Frequently Asked Questions

How does Doctor Lawyer end? (No major spoilers)

Without giving away specifics: the conspiracy plot resolves cleanly and satisfyingly. The show commits to its revenge premise — when So Ji-sub's contained ferocity finally has somewhere to land, it lands hard. The 16-episode arc is built to deliver an ending, and it does. Few viewers walked away frustrated with how things wrapped up.

Is there a Season 2 of Doctor Lawyer?

No — Doctor Lawyer was produced as a complete 16-episode single season with a finished story. MBC has not announced a continuation, and the structure of the show doesn't really leave room for one. So Ji-sub has moved on to other projects.

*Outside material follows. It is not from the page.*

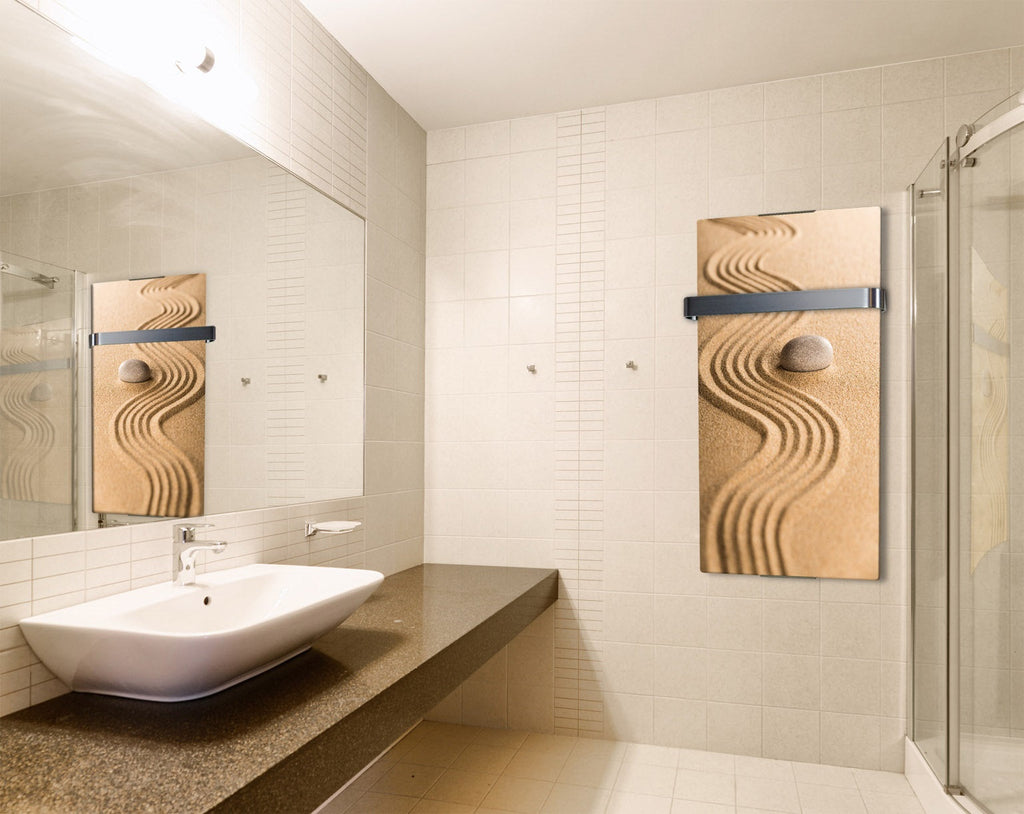 Scaldasalviette con decoro Sabbia. Barra amovibile e termostato regolabile e di grandi dimensioni 90x6x46, adatto per il montaggio in bagno con protezione IP24 contro gli spruzzi d'acqua da tutte le direzioni. Adatto per superfici di circa 10 metri quadrati.

Where can I watch Doctor Lawyer legally?

Netflix in supported regions is the primary global option. Kocowa also carries the show in regions where it operates, as the original broadcaster was MBC.

Is the central malpractice case based on real events?

Not directly — Doctor Lawyer is a fictional drama not adapted from any single real case. However, like much of the modern Korean medical drama, it draws on widely reported tensions in the country's healthcare system: the power of large university hospitals, the politics of expert witness testimony, and the asymmetry that ordinary patients face when something goes wrong in surgery. The case dynamics ring true even where specific events are invented.

Doctor Lawyer is what you watch when you want a K-drama that hits the satisfaction button hard and often. Sixteen tightly plotted episodes, one perfectly cast brooding lead, and a revenge arc that pays off every setup it makes. The medical-legal crossover is rarer than it should be — enjoy this one while you can.